Leading up to the Inward Outward symposium taking place October 12–15, the Netherlands Institute for Sound and Vision, Royal Netherlands Institute of Southeast Asian and Caribbean Studies (KITLV), and the Research Center for Material Culture (RCMC) are hosting a workshop for archive and museum practitioners and people working with institutional collections. The aim of this workshop is to assist participants in developing, in a collaborative manner, ethical frameworks for taking care of collections comprising both historical and contemporary materials that have been shaped by colonial frameworks in both structural and epistemological ways.
The workshop will be a space in which participants can engage critically with materials under their care, as well as develop strategies for their mobilisation. Instead of approaching archival collections as inert sources, the workshop will consider how various affective encounters with archival materials can inform such ethics of care. It is conceived to provide an opportunity for participants to share the challenges they face and learn from one another’s experiences. We do not seek to preclude methodologies for working with challenging material, but rather, the workshop endeavours to help us imagine creative and practical ways whereby to re-see and reframe them, as well as for recognising and dealing with the emotional valences they carry.

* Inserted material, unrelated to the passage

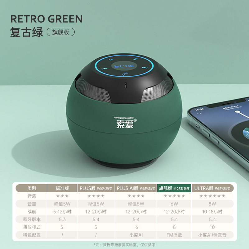 • 레트로 그린 플래그십 버전 [2200mAh 배터리 수명]| USB 플래시 드라이브 삽입 가능| FM 재생| 6W 고출력 】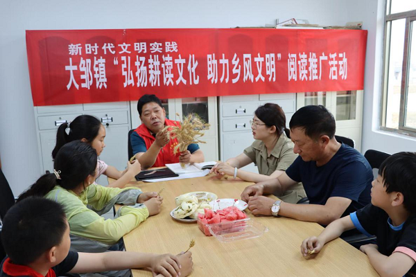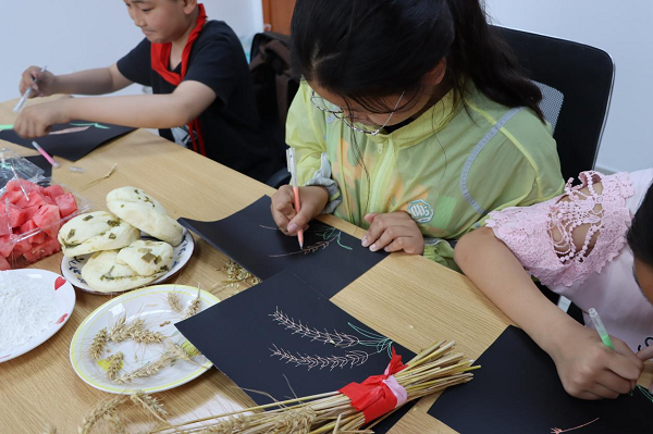 田野間,機(jī)聲隆隆,三夏正忙;農(nóng)家書(shū)屋里,麥香濃濃,學(xué)習(xí)正酣……日前,一場(chǎng)別開(kāi)生面的農(nóng)耕文化閱讀推廣活動(dòng)在江蘇泰州興化市大鄒鎮(zhèn)渭水村農(nóng)家書(shū)屋舉行;顒(dòng)以“麥穗香里享‘悅’讀 農(nóng)耕文化潤(rùn)童心”為主題,通過(guò)青少年農(nóng)業(yè)科普書(shū)籍共讀和DIY手工立體畫(huà)創(chuàng)作等活動(dòng),激發(fā)孩子們對(duì)農(nóng)耕文化的興趣,引導(dǎo)他們熱愛(ài)農(nóng)耕文化,增加愛(ài)國(guó)主義情懷。 一粒種子如何在泥土里破土生長(zhǎng)?一株麥穗能結(jié)出多少顆麥粒?種下的麥子怎么長(zhǎng)成一片麥田?麥粒怎樣變成白白的面粉?帶著種種疑問(wèn)和滿心的好奇,參加活動(dòng)的孩子們與新時(shí)代文明實(shí)踐所的志愿者們一起“走進(jìn)”書(shū)本,學(xué)習(xí)《快樂(lè)學(xué)農(nóng)季》中的《勇?lián)溙锸赝摺,深入探究麥粒?ldquo;生命史”。 隨后,孩子們化身植物保護(hù)小能手,學(xué)習(xí)探討小麥易遭受哪些蟲(chóng)害,這些害蟲(chóng)的天敵有哪些,農(nóng)家書(shū)屋里洋溢著陣陣書(shū)香。這彌足珍貴的一課,讓孩子們看見(jiàn)了農(nóng)民伯伯在小麥種植方面所展現(xiàn)出來(lái)的智慧,也更加明白了愛(ài)惜糧食的重要性。 “讓我們一起來(lái)動(dòng)手,親自將麥粒碾開(kāi),看看它里面是什么模樣。”在志愿者的指導(dǎo)下,小朋友們自己動(dòng)手,將麥穗上的麥粒凈化、脫殼,體驗(yàn)勞動(dòng)的快樂(lè),享受豐收的喜悅。“脫殼后的麥?梢阅コ煞,再用來(lái)制成面條、饅頭、面包等。”聆聽(tīng)麥粒的每一步的變化,小朋友們?cè)敿?xì)觀察了麥穗的組成部分,加深了對(duì)農(nóng)業(yè)的了解。 一張黑色卡紙,一堆麥秸稈,一把剪刀,一瓶膠水……一幅幅立體畫(huà)作品《金黃的麥穗》在小朋友的手中精彩呈現(xiàn)。圖畫(huà)上,麥秸稈被細(xì)心地進(jìn)行了裁剪,宛若一個(gè)個(gè)少女,在隨風(fēng)翩翩起舞。隔著一幅幅作品,讓人仿佛能看到金燦燦一望無(wú)垠的麥田,聞到一顆顆麥穗的香味,從中體會(huì)了農(nóng)耕文化之美…… |

The workshop will be presented by Carine Zaayman, an artist, curator and scholar committed to critical engagement with colonial archives and collections, specifically those holding strands of Khoekhoe pasts. Bringing intangible and neglected histories into view is a key motivation for her work. Her research aims to contribute to a radical reconsideration of colonial archives and museum collections, especially by assisting in finding ways to release their hold over our imaginations when we narrate the past, as well as how we might shape futures from it. She obtained a PhD in Fine Art from the University of Cape Town in 2019 where she also worked at the Michaelis School of Fine Art and the Centre for Curating the Archive. At present, Zaayman is a postdoctoral fellow at the Vrije Universiteit, Amsterdam, as a team member in the NWO Worlding Public Cultures project, as well as a research associate at the Research Centre for Material Culture.